A Second Laser: For The Crazy Electronic Photography

Just as we use light to observe the macroscopic world around us, we can also use light to probe the subatomic world. But one principle must be observed: any measurement must be faster than the time required for the system under study to change significantly, otherwise only vague results can be obtained.
In a molecule, atoms move on the femtosecond (trillionth of a second, 10^-15 seconds) time scale, their positions and energies change in one to a few hundred attoseconds, and to measure their motion, femtosecond technology "can't help.
How short is an attosecond? 1 attosecond is 10^-18 seconds, which is one billionth of a billionth of a second. 1 attosecond is equivalent to 1 second of the age of the universe (13.8 billion years). A beam of light traveling from one side of the room to the opposite wall takes 10 billion arcseconds.
The "real life" of the attosecond pulse
How do you get a light pulse to the attosecond scale? Theoretically, shorter light pulses can be generated by combining short-wavelength laser pulses of multiple wavelengths.
Wei Zhiyi, a researcher at the Institute of Physics of the Chinese Academy of Sciences, explained to the Science and Technology Daily reporter: "To generate new wavelengths not only need a femtosecond laser drive, but also need to be focused on the gas, through the interaction of light and gas atoms to produce the so-called high harmonics, high harmonics is a cycle in the drive laser, the generation of two cycles of the wave."
In 1987, Lhuillier and colleagues focused an infrared laser beam onto an inert gas and found that the harmonics produced were more numerous and stronger than those previously produced with shorter-wavelength laser drives, and that many of the harmonics observed had similar light intensities.
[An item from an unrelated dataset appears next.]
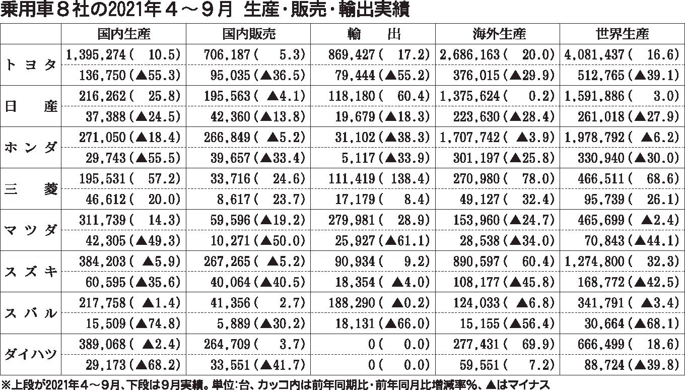 〈乗用車メーカー8社2021年4~9月実績〉トヨタ 海外販売24%増で過去最高

Further studies found that, under the right circumstances, the harmonics overlapped to produce a series of laser pulses in the ultraviolet band, each of which was only a few hundred attoseconds long.
In 2001, Agostini and his colleagues in France succeeded in generating a series of pulse trains lasting only 250 arsec. Ferenc Krauss and his partners in Austria went the other way, isolating single isolated light pulses lasting 650 arcseconds and using them to track and study the process of "pulling" electrons out of atoms.
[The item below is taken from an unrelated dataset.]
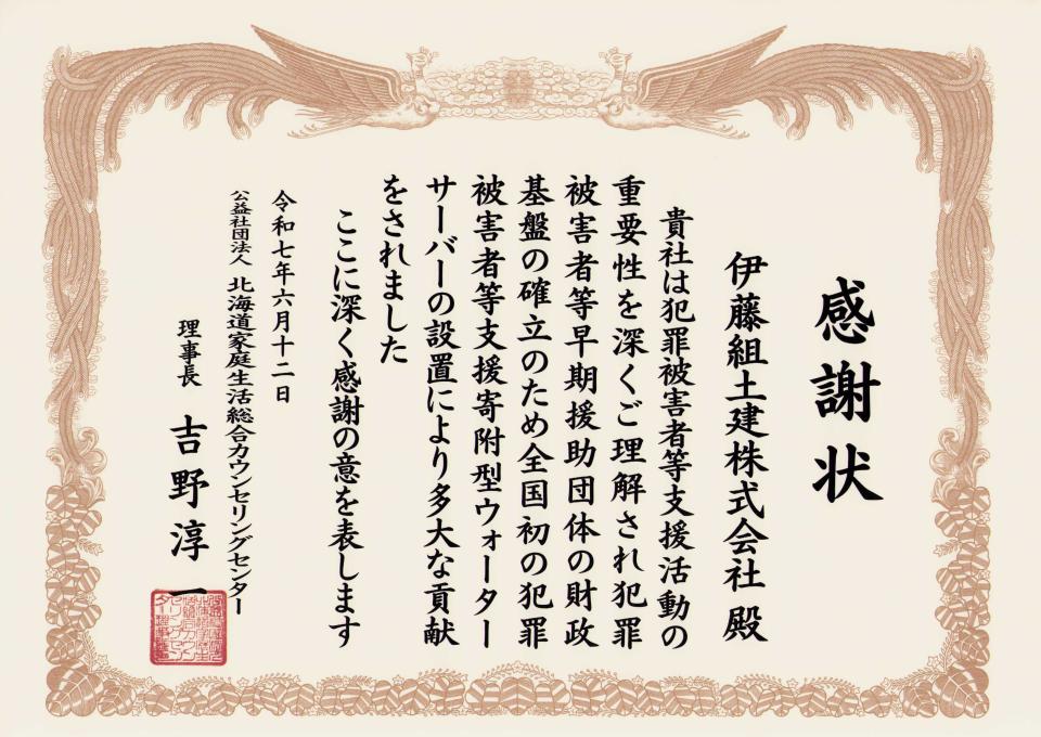 当社は、売上金の一部が犯罪被害者とその家族および遺族の被害回復と軽減のための援助活動資金に活用される「犯罪被害者等支援寄付型ウォーターサーバー」を現場事務所に設置しています。これは全国初の取り組みで、6月12日に行われた授賞式では、当社副社長 阪 豊彦が、北海道家庭生活総合カウンセリングセンター 吉野純一理事長から、犯罪被害者等早期援助団体の財政基盤の確立のため多大な貢献をしたとして感謝状をいただきました。

"It is the work of these three scientists, represented by the researchers for more than a decade, through ingenuity and unremitting efforts, so that ultrafast science into the era of attoseconds." Wei Zhiyi said.
Promising in a number of fields, "show your skills"
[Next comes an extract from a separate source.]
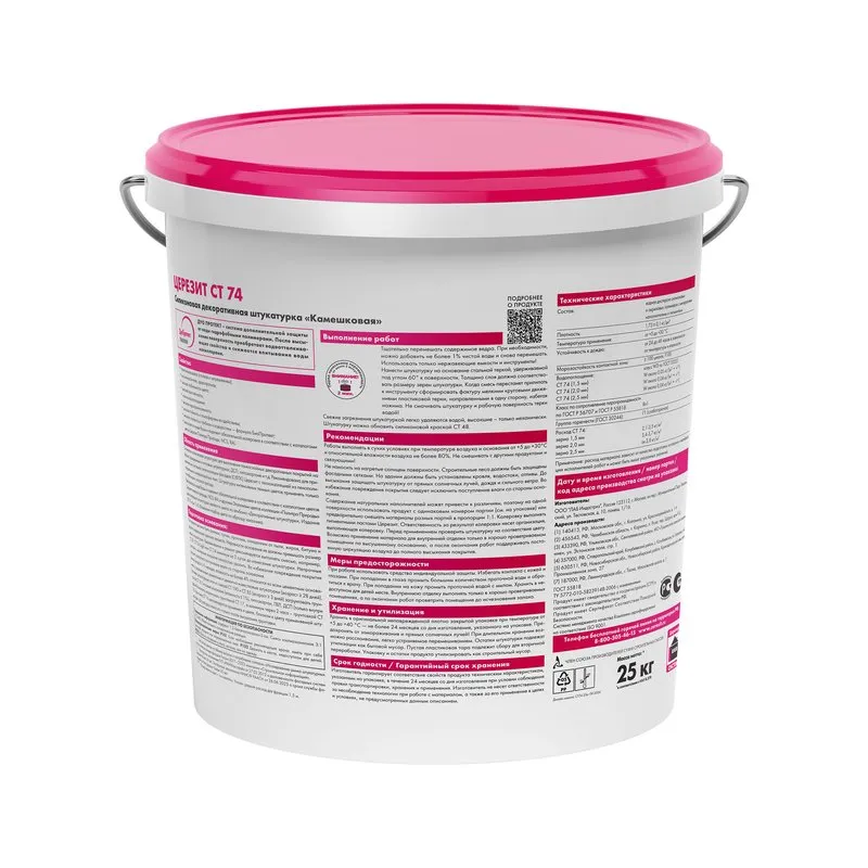 Церезит CТ 74 Силиконовая декоративная штукатурка «камешковая», зерно 1,5 / 2,0 / 2,5 мм, 25 кг

A small hummingbird can beat its wings 80 times per second, with the human eye is unable to see, but with a high-speed camera can be framed into a clear frame of action.
"A second light pulse is precisely the study of the microscopic material world of 'high-speed camera', can be 'raging' of the electron framed for observation." Wei Zhiyi said hopefully, "Studying and understanding electrons on such a short time scale (of attoseconds) is expected to facilitate the rapid development of ultrafast electronics, which may one day give rise to more powerful computer chips. It also allows us to distinguish molecules based on their electronic properties and to use them for rapid and accurate disease diagnosis."
According to Wei Zhiyi, at present, in addition to the above research teams internationally, a number of research teams in the United States, Canada, Italy, Switzerland, Japan, South Korea and other countries have also been carrying out research on the generation of attosecond pulses and their applications in many fields such as physics, chemistry and biology.
"For example, Prof. Chang Zenghu's team at the University of Central Florida in the United States set the world record for the shortest attosecond pulse twice, in 2012 and 2017, and the 43-attosecond pulse created by the Swiss Federal Institute of Technology in 2017 has so far held the current world record for the shortest. In particular, the EU has constructed the Extreme Light Facility (ELI-ALPS) in Hungary, with attosecond lasers as the main component, to provide scientists in different fields to carry out attosecond scientific research." Wei Zhiyi counts the results in the field of attosecond.
Research on attosecond light pulses has also been widely emphasized by Chinese scientists. The Institute of Physics of the Chinese Academy of Sciences, Shanghai Institute of Optical Mechanics, Xi'an Institute of Optical Mechanics, Peking University, East China Normal University, National University of Defense Technology, Huazhong University of Science and Technology and other units are carrying out research in the field of attosecond science. 2013, Wei Zhiyi's group for the first time in China to generate and measure the isolated attosecond pulse of 160 attoseconds, and is now further developing towards shorter pulse widths, higher energies, and higher repetition frequencies, which will provide the opportunity for the Chinese scientists to develop their own attosecond lasers. Combined with the terminal equipment, it provides an international leading platform and facilities for the research of attosecond laser in the fields of condensed matter physics, atomic and molecular physics, chemistry, biomedicine, information and energy.